**GIVEN DATA:**
BEGIN
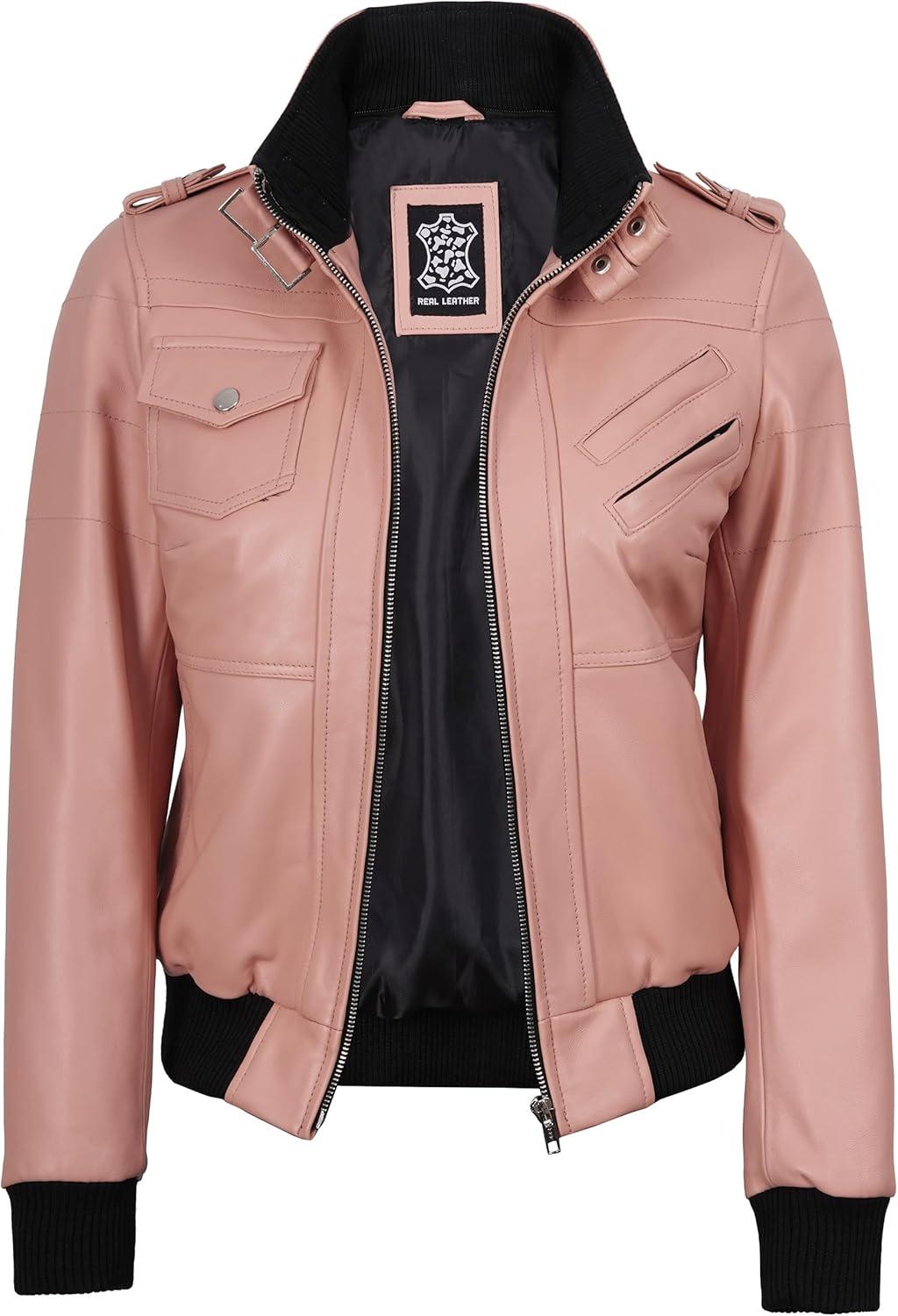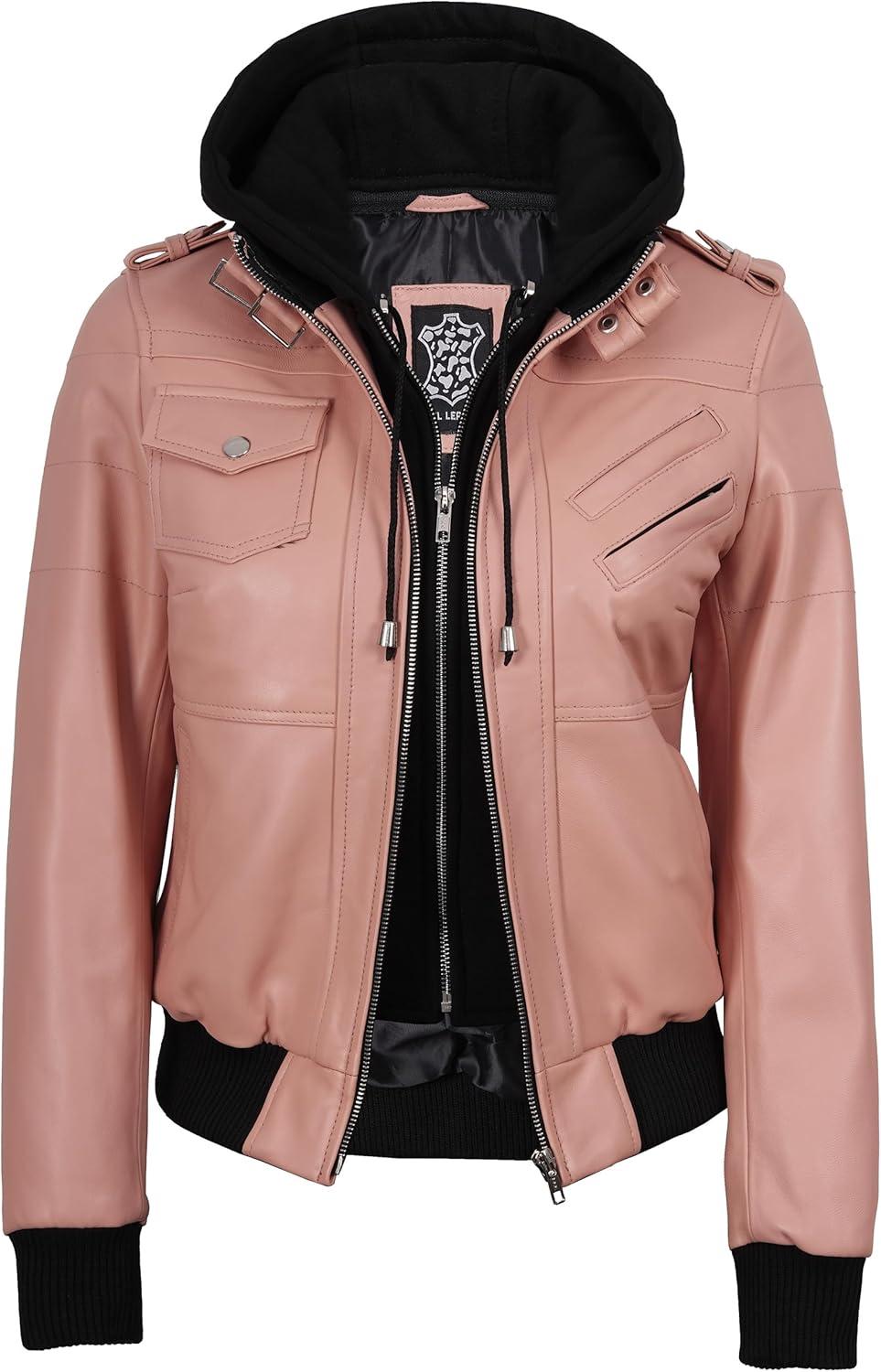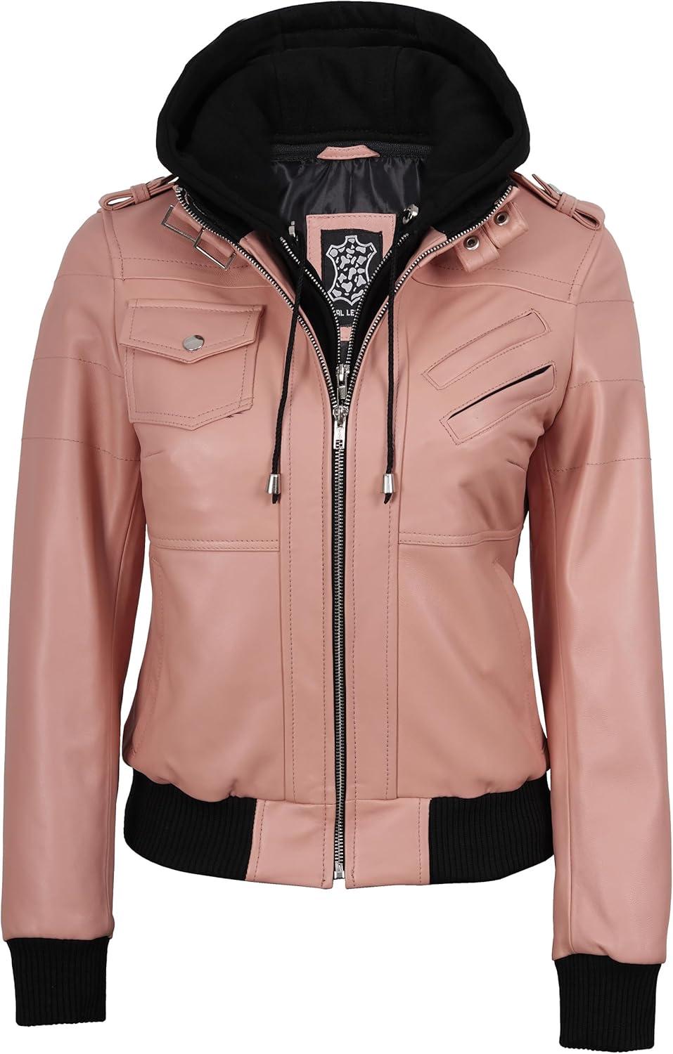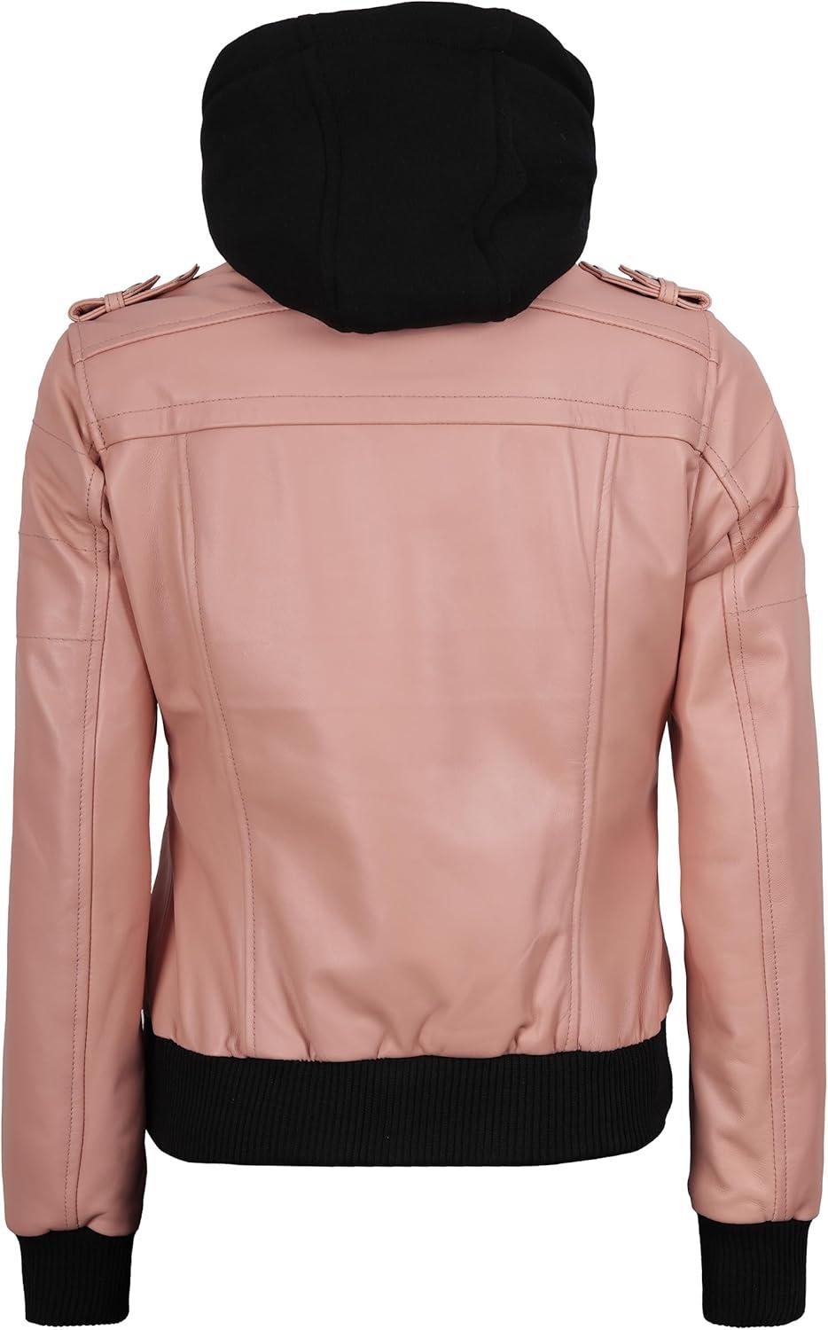 Blingsoul Leather Jacket Women - Real Lambskin Womens Leather Jackets With Detachable Hood(Edinburgh - Pink Jacket)
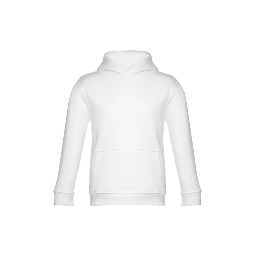 Kinder Sweatshirt aus 50% Baumwolle und 50% Polyester (320g/m²), unisex mit Kapuze in Jersey. Innen kardiert, Ripp 1x1 an Ärmelbündchen und Bund und einer Kängurutasche. Kapuze in Übereinstimmung mit den Sicherheitsstandards der Europäischen Union. Größen: 2, 4, 6, 8, 10, 12
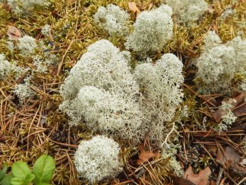 Volné prostory mezi dominantními rostlinami břízou a jalovcem doplňoval ještě lišejník Dutohlávka horská(Cladonia stellaris).
END
**DIRECTIONS FOR THIS TASK:** Output the listing above exactly, but leave its pictures behind.

**WRITTEN RESPONSE:**
 Blingsoul Leather Jacket Women - Real Lambskin Womens Leather Jackets With Detachable Hood(Edinburgh - Pink Jacket)
 Kinder Sweatshirt aus 50% Baumwolle und 50% Polyester (320g/m²), unisex mit Kapuze in Jersey. Innen kardiert, Ripp 1x1 an Ärmelbündchen und Bund und einer Kängurutasche. Kapuze in Übereinstimmung mit den Sicherheitsstandards der Europäischen Union. Größen: 2, 4, 6, 8, 10, 12
 Volné prostory mezi dominantními rostlinami břízou a jalovcem doplňoval ještě lišejník Dutohlávka horská(Cladonia stellaris).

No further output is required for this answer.